The guard throws a switch and the barred gate shudders and starts opening.  Around a bend, I step into an elevator car.  Since the problem inmate is on the third floor, I hold up three fingers to a corner camera, waiting to be spotted on a TV monitor.  This is no ordinary elevator — no buttons to push here, likely engineered for some security purpose.  The sweaty little box starts lifting, and as the muffled wails of the punished echo through, my stomach tightens — the way it does every time I’m called over here, which is often.  Solitary confinement is punishment taken to the extreme, inducing the bleakest of depression, plunging despair, and terrifying hallucinations.  The Mental Health Department looms large in a solitary unit – doling out anti-depressants, anti-psychotics, and mountains of sleeping pills.  If these inmates had no mental health issues before they entered solitary, they do now.  But even the most potent medications reach only so far, and when they can no longer hold a person’s psyche together – when human behavior deteriorates into frantic scenes of self-mutilation and makeshift nooses – we’re called to a cell door.

The elevator rattles open on the third floor.  Ahead, a foreboding window separates two plain doors, each one leading onto a 50-cell wing.  Behind the window, correctional staff hover over paperwork.  A logbook is thrust out, I sign it, and point to the door on the left, ‘3 South.’  When the knob buzzes, I pull the door open and step into what feels like a furnace.  A long cement floor is lined with gray steel doors that face each other – twenty-five on one side, twenty-five on the other.  Each door has a small window at the top, and on the bottom, a flap for food trays.

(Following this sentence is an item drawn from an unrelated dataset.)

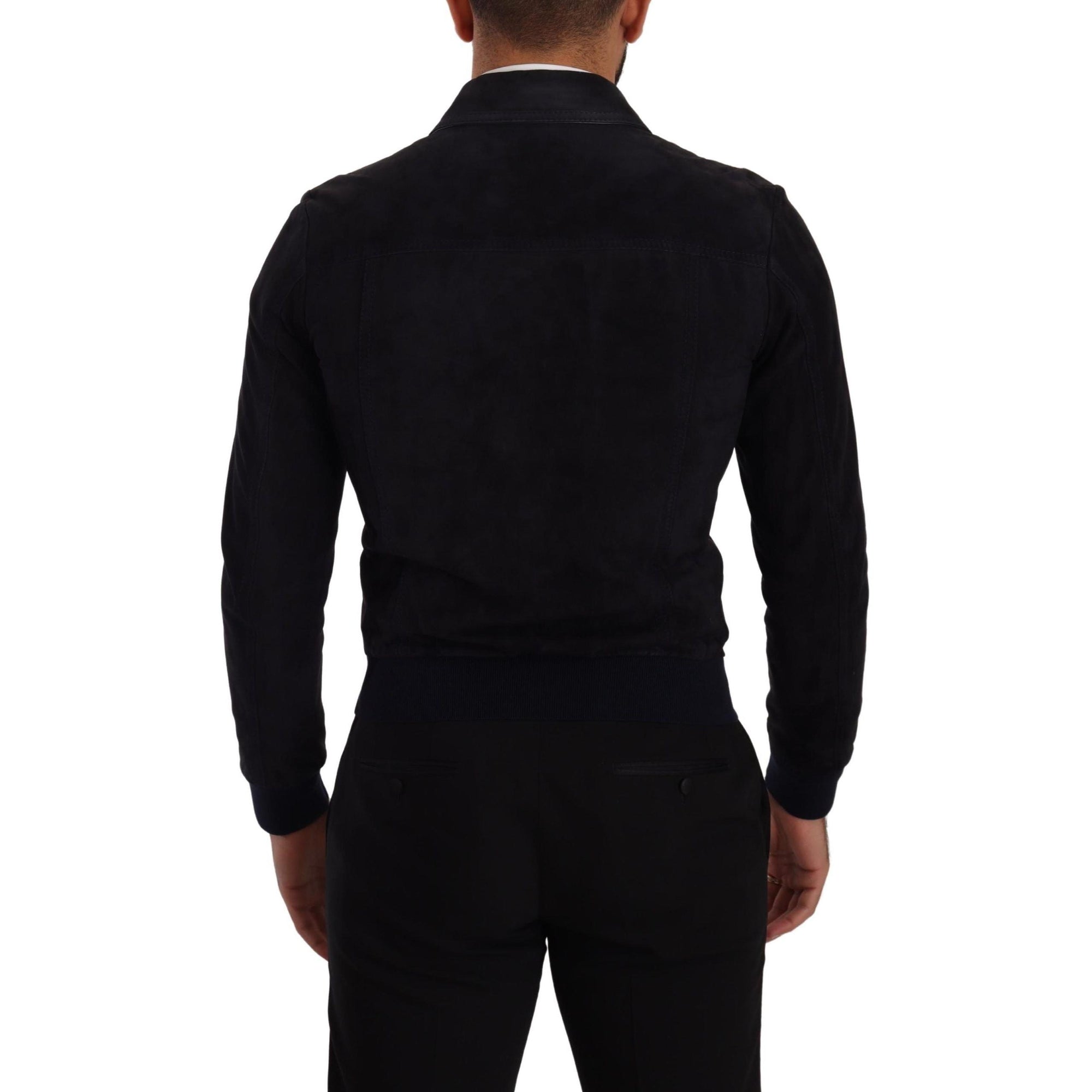 Dolce & Gabbana Elegant Blue Suede Short Jacket

At the far end, Dr. Diaz and Pete Majors are waiting for me.  I hesitate for a moment, dreading the walk through the gauntlet of misery.  The smell of vomit and feces hangs in the hot, thick air.  Bracing myself, I start past the doors, trying to stay focused on my colleagues.  Still, I can see their faces – dark-skinned, young – pressed up against the cell windows, eyes wild with panic.  “Miss! Help!  Please, Miss!!”  They bang and slap the doors, sweaty palms sliding down the windows.  “We’re dying in here, Miss – we’re dying!”  Resisting my natural instinct to rush to their aid, I keep going, reminding myself that there’s a reason they’re in here – that they’ve done something to warrant this punishment.  The guards, themselves sweat-soaked and agitated, amble from cell to cell, pounding the doors with their fists, spinning around and kicking them with boot heels — “SHUT—THE  FUCK– UPPP!!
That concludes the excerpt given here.